Top of Information supplied

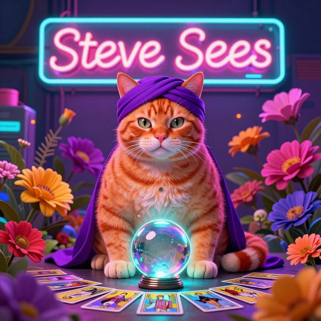 This image shows a muscular orange tabby cat in a purple turban, surrounded by flowers and mystical items. The scene features neon lighting and a vibrant color palette, evoking a retro synthwave aesthetic.
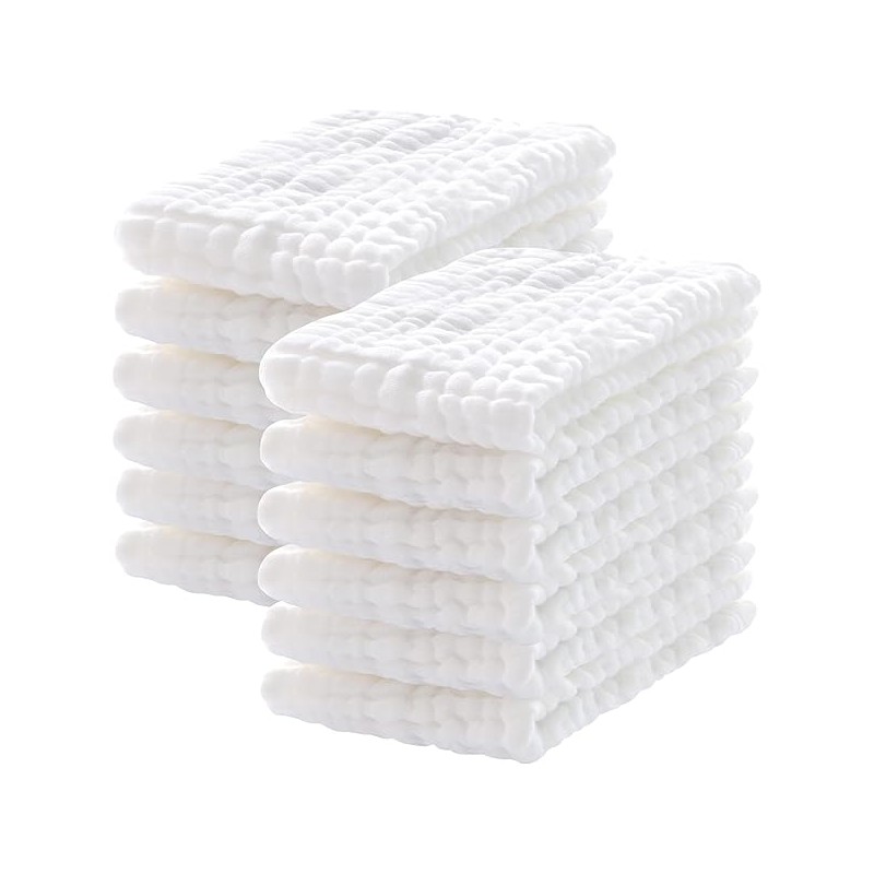 12 Pack Muslin Burp Cloths 100% Cotton Muslin Cloths Large 20''x10'' Extra Soft and Absorbent Baby Burping Cloth - White
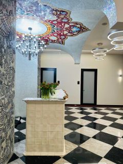 Сохраняя историю особняка, мы создали премиальный бизнес-центр "Нега" в нео русском стиле, но в современном прочтении. Используются характерные для этого стиля яркие цвета, растительные орнаменты и аутентичные узоры. Есть помещения с балконами и террасой.
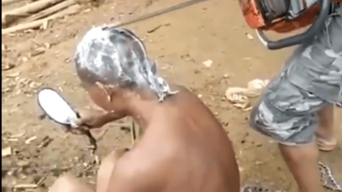 Lo que llama la situación en este caso es que el “estilista” está usando una motosierra, mientras que su amigo muy campante se mira en el espejo.

Bottom of Information supplied

* Work to be completed: The entire listing is to be printed exactly, with each picture omitted.

* Your response:
 This image shows a muscular orange tabby cat in a purple turban, surrounded by flowers and mystical items. The scene features neon lighting and a vibrant color palette, evoking a retro synthwave aesthetic.
 12 Pack Muslin Burp Cloths 100% Cotton Muslin Cloths Large 20''x10'' Extra Soft and Absorbent Baby Burping Cloth - White
 Сохраняя историю особняка, мы создали премиальный бизнес-центр "Нега" в нео русском стиле, но в современном прочтении. Используются характерные для этого стиля яркие цвета, растительные орнаменты и аутентичные узоры. Есть помещения с балконами и террасой.
 Lo que llama la situación en este caso es que el “estilista” está usando una motosierra, mientras que su amigo muy campante se mira en el espejo.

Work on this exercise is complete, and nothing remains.